Dear Eager Young YWAMer,
I saw your sparkling eyes, when I walked into my DTS classroom holding my one-year-old niece’s hand. I saw your shocked mouth, when that week’s amazing speaker called me out by name and bragged about my Kiwi parents. I saw those hungry glances, when I told you what it was like to grow up on a YWAM campus in Hawaii, with all this being the norm. And I heard your honest, beautiful desire on the soccer field at Base Retreat– I want YWAM babies.
But I just have one request, before you do. Simply, listen to a YWAM Kid’s story. This is mine.
“I don’t wanna go.” Growing up between three countries, it’s something that I kept as a secret to myself. Every time we were in and out of New Zealand and Australia? I didn’t want to leave. For university, I chose to move to New Zealand– a childhood dream. But still, I hated leaving Newcastle, Australia– where, at one point in time, all three of my brothers were on staff.
Yet I kept quiet, silenced by the duty I held to God to be content with where He’d placed me.
Then came a two-week trip to Newcastle last March, where I found I couldn’t ignore my heart. It was still there. Very much alive. Very much beating. Very much wanting to be at home in Australia, not just the visiting sister. And my families in New Zealand, still very much wanting me to stay with them… asked me, Why not?
Fast forward to a winter morning in Amsterdam, my DTS outreach team gathered in our apartment.
Homesickness had run rampant. A few weeks out from finishing DTS, the eleven of us had been thinking of what was ahead, in varying degrees. For some, it stopped them from focussing on what was in front of them. As my teammates prayed around the circle, rawly expressing to God their remorse, something gnawed and squirmed inside of me.
A few weeks before, I’d happily discovered I missed Australia immensely. After three years of bouncing between three home countries, after a whole childhood of not really knowing my place– it was shocking to discover I really did belong somewhere. Even though Europe enchanted me– the Pacific was home.
Yet why was I so frustrated at their homesickness? They had a choice to be on DTS, to leave those places they were born and raised in. I understood, they had grown up with their immediate family around them, saw their extended family often…

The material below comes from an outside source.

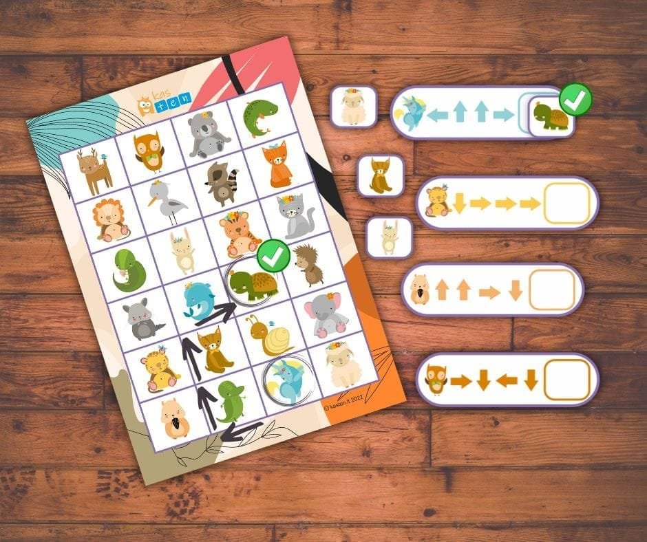 Vydejte se s touto zábavnou hrou za dobrodružstvím se zvířaty! ➡️⬅️⬆️⬇️ Vaším úkolem je najít ztracená zvířata podle šipek na herních kartách. Princip je jednoduchý: vyberte si kartu, najděte zvíře v tabulce a podle šipek objevte další. Tato hra zdokonaluje schopnost řešit problémy a rozpoznávat zvířata.

And then it hit me, with choking sobs.
“I never had a choice.”
I was always far away from family. Being a missionary kid and the youngest sibling, I rarely had the luxury of choosing to leave my family to go on an adventure. I was already thrust into one– as well as left behind from many.
I mean, I felt incredibly involved in family decisions, don’t let me misrepresent my life to you. When my parents wanted to staff a DTS in Kansas City, they asked Jordan and 12-year-old me to pray about it– I saw a picture of our future house. When we were going take a trip Down Under in the middle of my junior year, we prayed about it– I was stoked.
But the initial choice?
It wasn’t mine. I didn’t choose to be born in a country different from my parents, I didn’t choose to be immersed in YWAM, I didn’t choose to leave my brothers. That all happened, with me incredibly quiet. I fought the helplessness by listing the rewards of a dual-citizen. I survived the unresolved grief by counting my blessings of a YWAM Kid. In short, I thought God didn’t care about my pain.
As I sobbed uncontrollably, knees on the hardwood floor, I found a very different God from my childhood. I found a man. The one who grabs the tissues. Who puts his arms around me. The one who lets me cry– even cries with me. Sure, he wanted my parents to be in missions, and he wanted me to be born in Hawaii. But it doesn’t mean that my story doesn’t gut him from the inside as well. And in the homesickness Jesus whispers, You have the choice– come home.
So, Eager Young Missionary. Us “YWAM babies” don’t get through wounded-free, nor do they grow up with faultless, untainted views of God. We’re human like the rest of you, and though I might not let you know that all the time, it’s true. We walk in inheritances not our own, and we act like we own the place (sometimes we do– I’m talking about you, Ark Park). And whether we like it or not, life becomes this glorious mess of knowing God and making Him known.
So, go have those YWAM babies. I’ll be right along with you.